In [1]:
import pandas as pd
import kernel_fda

## Linearly Separable DataSet Example

We'll start with the example data in Figure 12.1. The classes are linearly separable. We'll use a linear Fisher Discriminant to construct a classifier. A linear discriminant for a two-class problem uses the orthogonal distance of a point ${\bf x}$ from a line ${\bf w}$ to determine which class the point is in. If the point ${\bf x}$ is one side of the line we say it is in class 1, whilst if it is on the other side of the line we say it is in class 2. 

Measuring how far a point is from the line ${\bf w}$ is equivalent to measuring how far the point ${\bf x}$ is along the line $\boldsymbol{\beta}$, which is normal to the line ${\bf w}$. So we can express the classifier as the mathematical condition $\boldsymbol{\beta}^{\top}{\bf x} > c$, where $c$ is some constant. If the point ${\bf x}$ satisfies this condition the point is in one class, if it doesn't satisfy this mathematical condition, it is in the other class.

Training the linear discriminant is the process of determining the optimal line ${\bf w}$ which minimizes the classification error on the training dataset.  Determining the optimal line ${\bf w}$ is equivalent to finding the optimal line $\boldsymbol{\beta}$. Since we can see from Figure 12.1 that the two class, the red and the blue points, can be separated by a straight line we know that a linear discriminant using just the features we have, $x_{1}$ and $x_{2}$, will be sufficient to achieve a high-level of accuracy.

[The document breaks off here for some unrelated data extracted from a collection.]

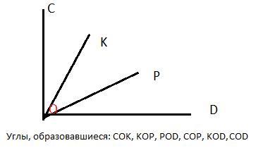 50 баллов. Нарисуйте угол COD и проведите лучи OK и OP между его сторонами. Запишите все углы, образовавшиеся.
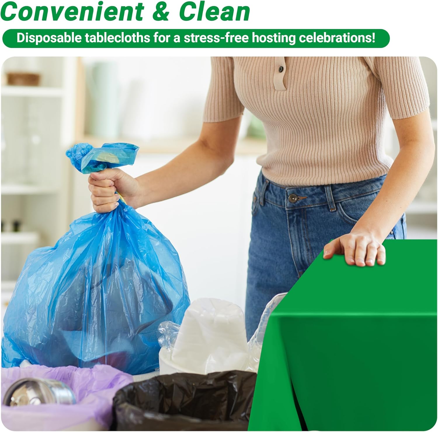 • Ample Coverage: Includes 12 pieces of 54 x 108 inches green plastic disposable tablecloths, providing full protection and a polished look for rectangular tables.
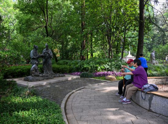 市民在位于上海徐家匯的光啟公園休息(2025年5月17日攝)。新華社記者 陳朔 攝
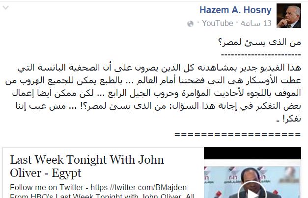 حازم حسني عارضًا فيديو “أوليفر” الساخر من السيسي: من الذي يسيء لمصر؟
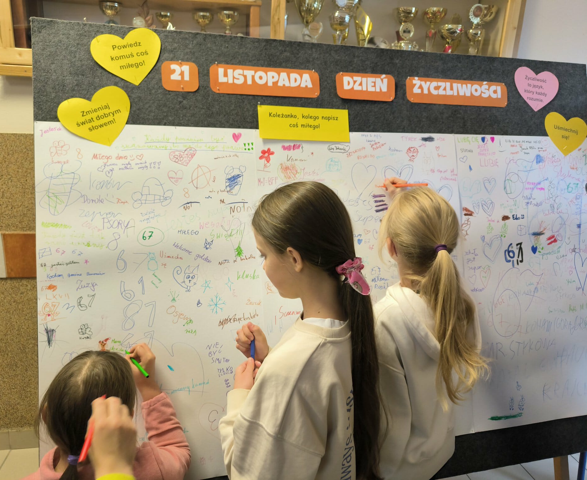 21 listopada społeczność naszej szkoły obchodziła Dzień Życzliwości. Z tej okazji przygotowano kolorową gazetkę tematyczną oraz wystawę prac uczniów, uczniowie przedstawili w nich, jak ważne jest okazywanie sobie dobroci na co dzień oraz jak drobne gesty mogą zmienić świat na lepszy.
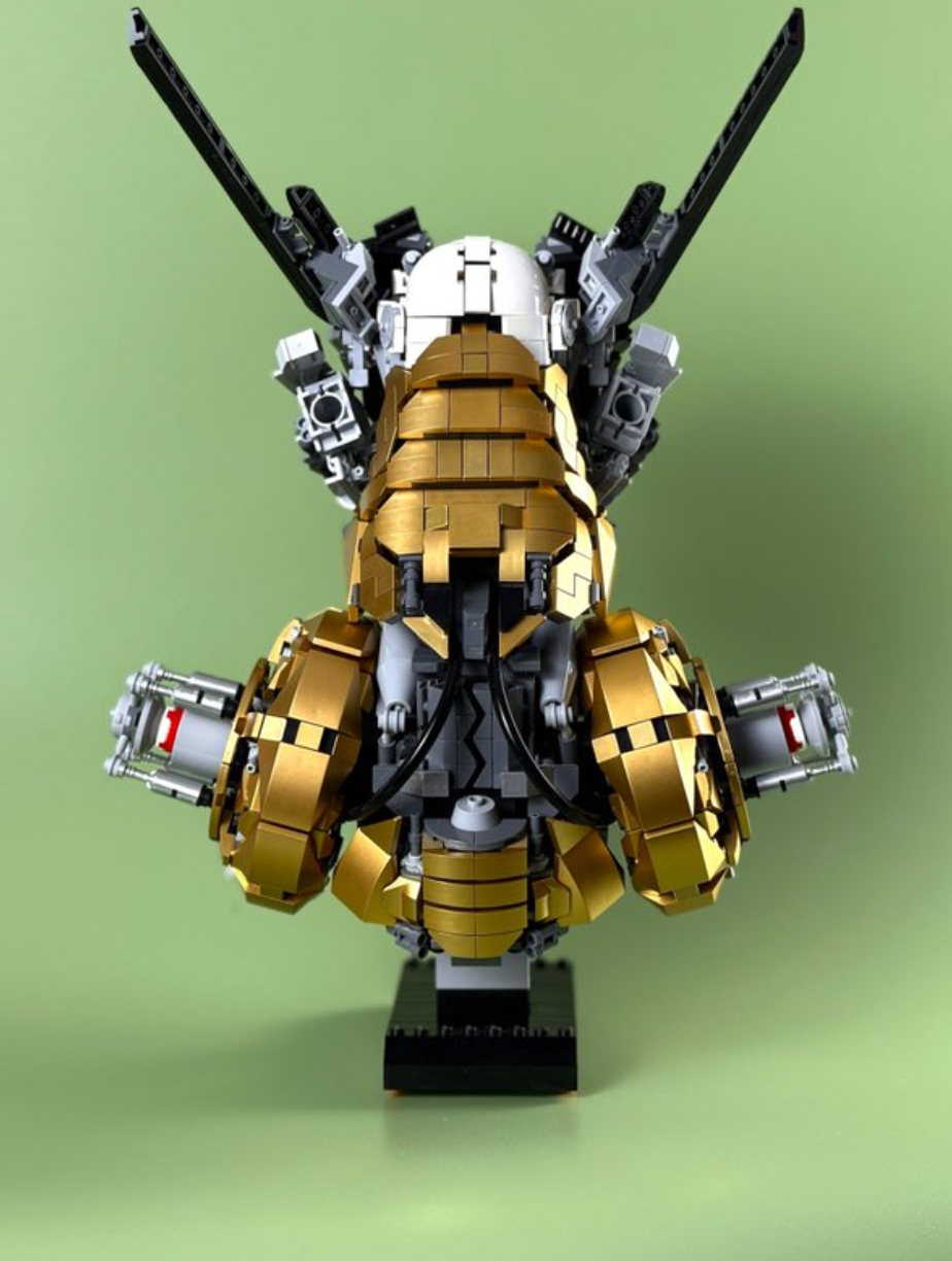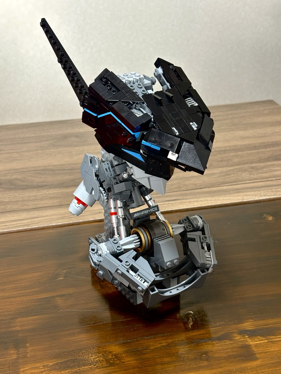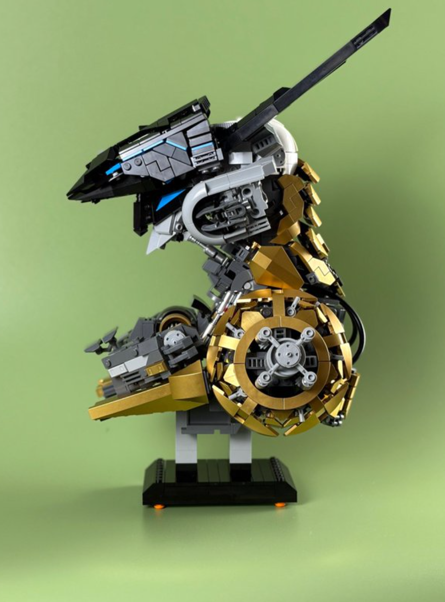 這次製作重點放在傑夫提的金屬結構,雖然只作出頭像,但基本上該還原的部分都透過樂高積木呈現,尤其是獨特的頭部造型與機械內構。整體高度大約 35 公分,重量差不多 1 公斤,是個蠻有份量的作品!

We will use KFDA_Poly class I have written to train the Fisher Discriminant. The class is in the kernel_fda.py module which can be found in the same directory as this notebook. You can see we have already imported the module at the start of the notebook. The KFDA_Poly class allows you to do kernel Fisher Discriminant Analysis with pure polynomial kernels of the form $\left ( \underline{x}\cdot\underline{y}\right )^{p}$. When calling the constructor for the KFDA_Poly class we specify the degree $p$ of the kernel we want to use. To do standard linear Fisher Discriminant Analysis, we specify degree $p=1$.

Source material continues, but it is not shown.